Serum thyroxin was measured using a competitive chemiluminescent enzyme immunoassay (Immulite (product number 642333); Diagnostic Products Corporation, Los Angeles) and the normal reference range was 19–65 nmol/l. The intra-assay coefficient of variation ranged from 6.3 to 8.4% over a concentration range of 3.8–13 μg/dl. The interassay coefficient of variation ranged from 6.7 to 9.8% over a concentration range of 3.9–13.3 μg/dl. The linearity of the assay was demonstrated up to a dilution of 1 in 8 over a range of physiologically relevant concentrations.

Echocardiography

Standard echocardiographic studies (Thomas et al 1993) were performed in all cats at initial assessment and in 16 cats 6 months after radioactive iodine treatment using an Acuson Sequoia 512 with a 8V5 5.5–8.5 MHz transducer in non-sedated cats in right lateral recumbency. An ECG was simultaneously recorded in all cats except those that were distressed by the placement of ECG electrodes. Oblique views to fully visualize the heart were also employed to ensure that no areas of asymmetrical hypertrophy were overlooked. The left atrial to aortic diameter ratio (La/Ao) was obtained using two-dimensional echocardiography from the right parasternal short axis heart base view. M-mode measurements of thickness of the interventricular septum in diastole (IVSd), left ventricular internal diameter in diastole and systole (LVIDd, LVIDs), and left ventricular freewall in diastole (LWFWd) were made at the level of the chordae tendineae in the short axis view. A diagnosis of left ventricular concentric hypertrophy was made if the ventricular septum and or left ventricular freewall measured at end diastole was greater than 6 mm thick by either M-mode or two-dimensional echocardiography (Fox 1999). Fractional shortening (FS) was calculated from the M-mode measurements of LVIDd and LVIDs. In those cats where a systolic murmur had been detected on auscultation a right parasternal long axis view was used to look for systolic anterior motion of the mitral valve. Doppler echocardiography (colour, pulsed wave and continuous wave) was used to characterise flow disturbances including dynamic right ventricular outflow tract obstruction and dynamic left ventricular outflow tract obstruction with associated mitral insufficiency.

Indirect blood pressure analysis

Systolic blood pressure was measured indirectly using a Doppler flow detector (Parks Medical Electronics) with a 9.7 MHz probe as described previously (Syme et al 2002). The average of five consecutive measurements was calculated once consistent consecutive readings had been obtained.

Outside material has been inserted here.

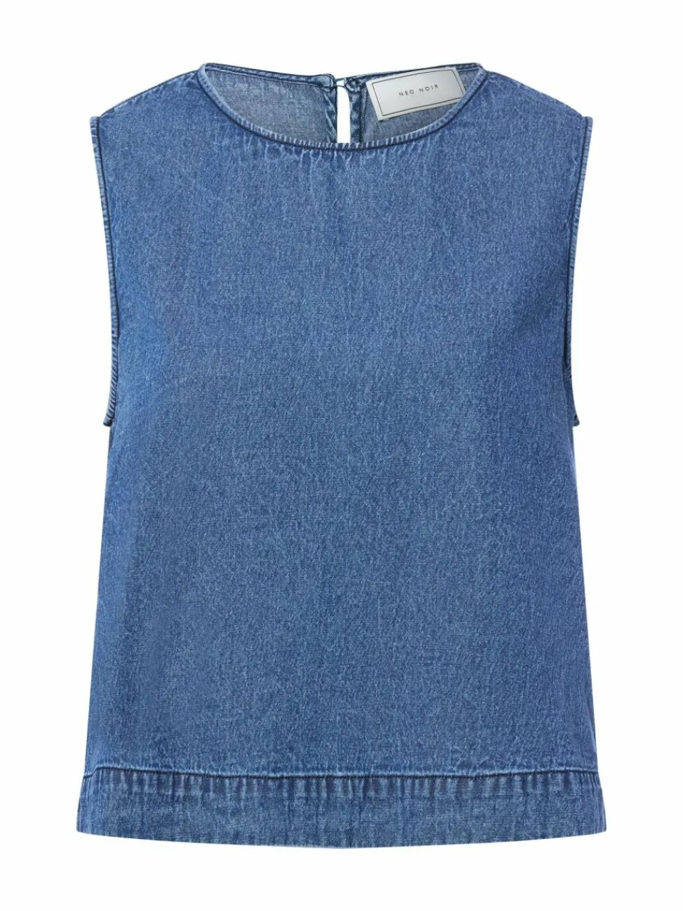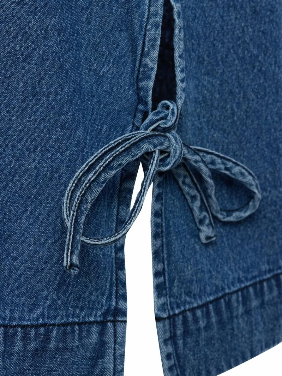 Seitliche Schlitze mit Bindeband machen den trendbewussten Look des Neo Noir Denim-Blusentops Svetlana perfekt.

Hypertension was defined as a systolic arterial pressure of greater than 175 mmHg (Syme et al 2002).

Troponin I measurements

Blood was collected by jugular venepuncture into serum gel tubes centrifuged at 5000 rpm for 120 s and the serum was stored at −70°C. Serum cardiac troponin I levels were measured by a commercially available immunometric assay using an Immulite Analyser (Diagnostic Products Corporation, Los Angeles). The within run and total coefficient of variation described by the manufacturer ranged from 2.7 to 5.8% and 6.1 to 8.4%, respectively, over a concentration range of 0.8–86 ng/ml. The linearity of the assay was demonstrated up to a dilution of 1 in 8 over a range of physiologically relevant concentrations. To assess intra-assay variability in a feline population, five randomly selected serum samples of different cTnI levels were analysed five times on one day while interassay variability was assessed by aliquoting and freezing five samples of different cTnI levels and analysing them on different days after thawing. Linearity was assessed by diluting a pooled serum sample of high cTnI level to a concentration of ¾, ½, 3/8, ¼, 3/16, and 1/8. A cTnI value of ≥0.2 ng/ml was considered abnormal as described previously (Connolly et al 2003).

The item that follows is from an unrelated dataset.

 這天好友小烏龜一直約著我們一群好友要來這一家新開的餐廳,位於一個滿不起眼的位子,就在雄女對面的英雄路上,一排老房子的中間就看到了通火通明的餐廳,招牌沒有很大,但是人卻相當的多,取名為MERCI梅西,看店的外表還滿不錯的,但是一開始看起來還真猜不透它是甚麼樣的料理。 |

Glomerular filtration rate

Glomerular filtration rate was measured on the first, second and forth visit in 15 out of 20 cats and on the first and second visit in five cats. Glomerular filtration rate was not measured in three cats as each owner's consent was not obtained. The procedure was performed by single-injection inulin clearance as previously described (Haller et al 2003).

Briefly, after overnight fasting 3000 mg/m2 body surface area inulin (Sinistrin; Laevosan, Linz, Austria) was injected intravenously over 30 s. Blood was then drawn from an indwelling catheter after 3, 10, 20, 40, 80, 120 and 180 min and serum inulin measured (Alomed; Rudolfzell, Germany) in a two-step procedure. Finally, inulin clearance and thus glomerular filtration rate was calculated with a two-compartment model. The reference range in healthy cats is 2.07–3.69 (median 2.72) ml/min/kg (Haller et al 2003).

Data analysis

Descriptive statistics were obtained for the concentrations of cTnI and T4, GFR, blood pressure, heart rate and the echocardiographic findings at each visit. For any visit, less than half of the cats presented with detectable serum concentrations of cTnI. Therefore, it was decided to categorise cats into two groups: with or without detectable serum concentration of cTnI. Levels of cTnI were studied as a binary variable for all subsequent analysis.

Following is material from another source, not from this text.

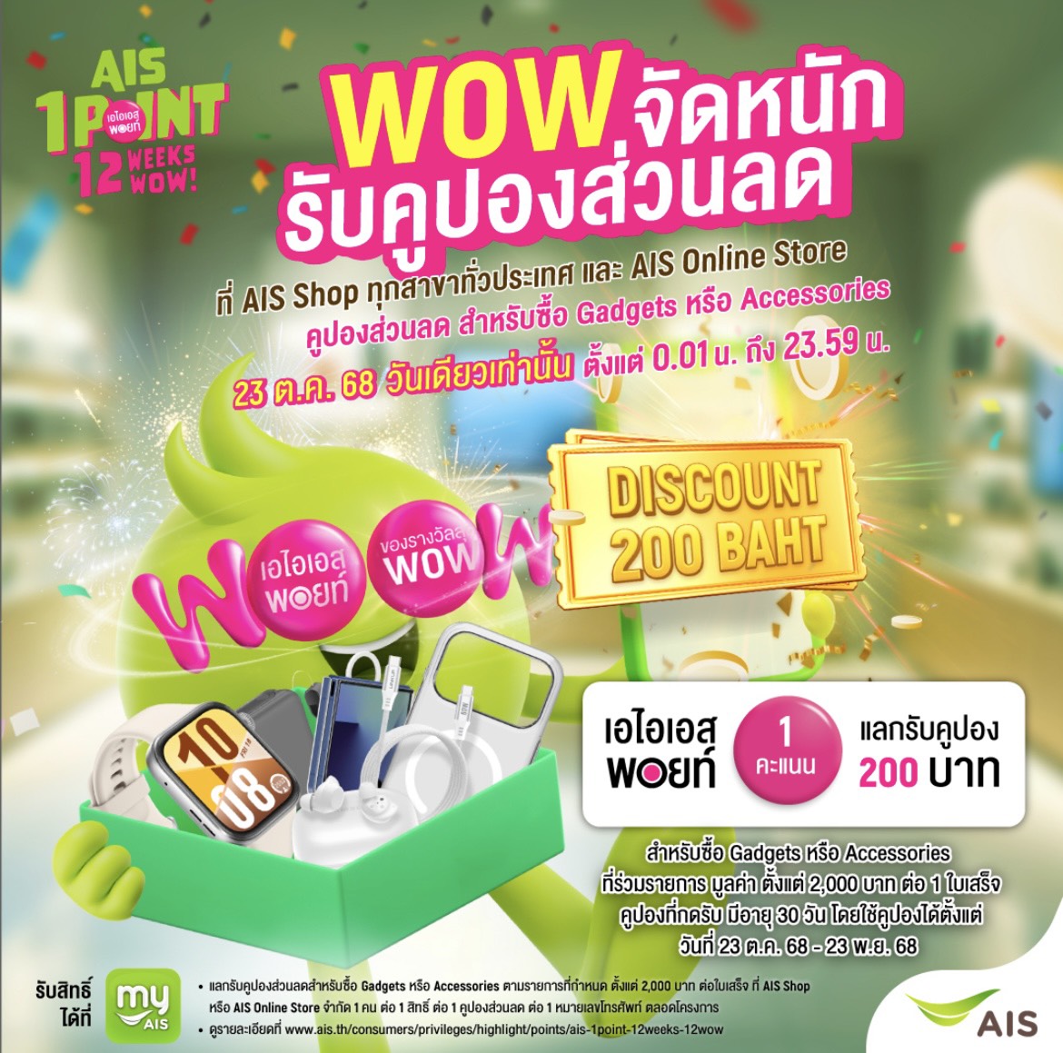 นอกจากนี้ในโอกาสครบรอบ 35 ปี เอไอเอสขอแทนคำขอบคุณลูกค้า มอบสิทธิพิเศษผ่านแคมเปญสุดยิ่งใหญ่ “AIS 1 POINT 12 WEEKS 12 WOW” ที่แจกใหญ่ไม่มีหยุด โดยว้าวนี้เอาใจสาย Gadget และ Accessories โดยเฉพาะ เพียงใช้ AIS Points 1 คะแนน* แลกรับฟรี! ส่วนลด 200 บาท สำหรับซื้อสินค้ากลุ่ม Gadget หรือ Accessories มูลค่า 2,000 บาท ต่อใบเสร็จ (*เฉพาะสินค้าที่ร่วมรายการ) กดรับสิทธิ์ได้ในวันที่ 23 ตุลาคม 2568 วันเดียว ผ่านแอป myAIS เท่านั้น พิเศษ! สามารถใช้สิทธิ์ได้ในงาน Thailand Mobile Expo 2025 รวมถึง AIS Shop ทุกสาขา และ AIS Online Store จนถึงวันที่ 23 พ.ย. 68 สามารถดูรายละเอียดเพิ่มเติมได้ที่ https://www.ais.th/consumers/privileges/highlight/points/ais-1point-12weeks-12wow

The hypotheses that median T4 concentration, blood pressure, heart rate and the different echocardiographic measurements were different between cats with and without detectable levels of cTnI before the start of the treatment were tested by the Mann–Whitney U test of association. The hypothesis that the proportion of cats with detectable levels of cTnI was different before and after treatment was assessed by means of the McNemar test of association.

The relationship between T4 concentration and GFR and the presence of detectable levels of troponin (>0.2 ng/ml) was assessed with a random effects logistic model. In the model, time following start of treatment was included as a categorical variable with the categories: Initial presentation, 1, 3 and 6 months after treatment. Colinearity between the explanatory variables was assessed by use of correlation coefficients. Models were compared, starting with the full model, with simpler models nested within them by use of the likelihood ratio test. Variables were removed when P (LR test) ≥0.1 to obtain the most parsimonious model. The reliability of the estimates was assessed checking the sensitivity of the quadrature approximation and the results of the final model were compared to those obtained using generalised estimating equations and a logistic model with robust standard errors (Curtis et al 1993, Dohoo et al 2003).

The values of the different echocardiographic findings before and 6 months after treatment with radioactive iodine were compared using the Wilcoxon signed rank test of association. The same procedure was used to compare blood pressure and heart rate values before and after treatment.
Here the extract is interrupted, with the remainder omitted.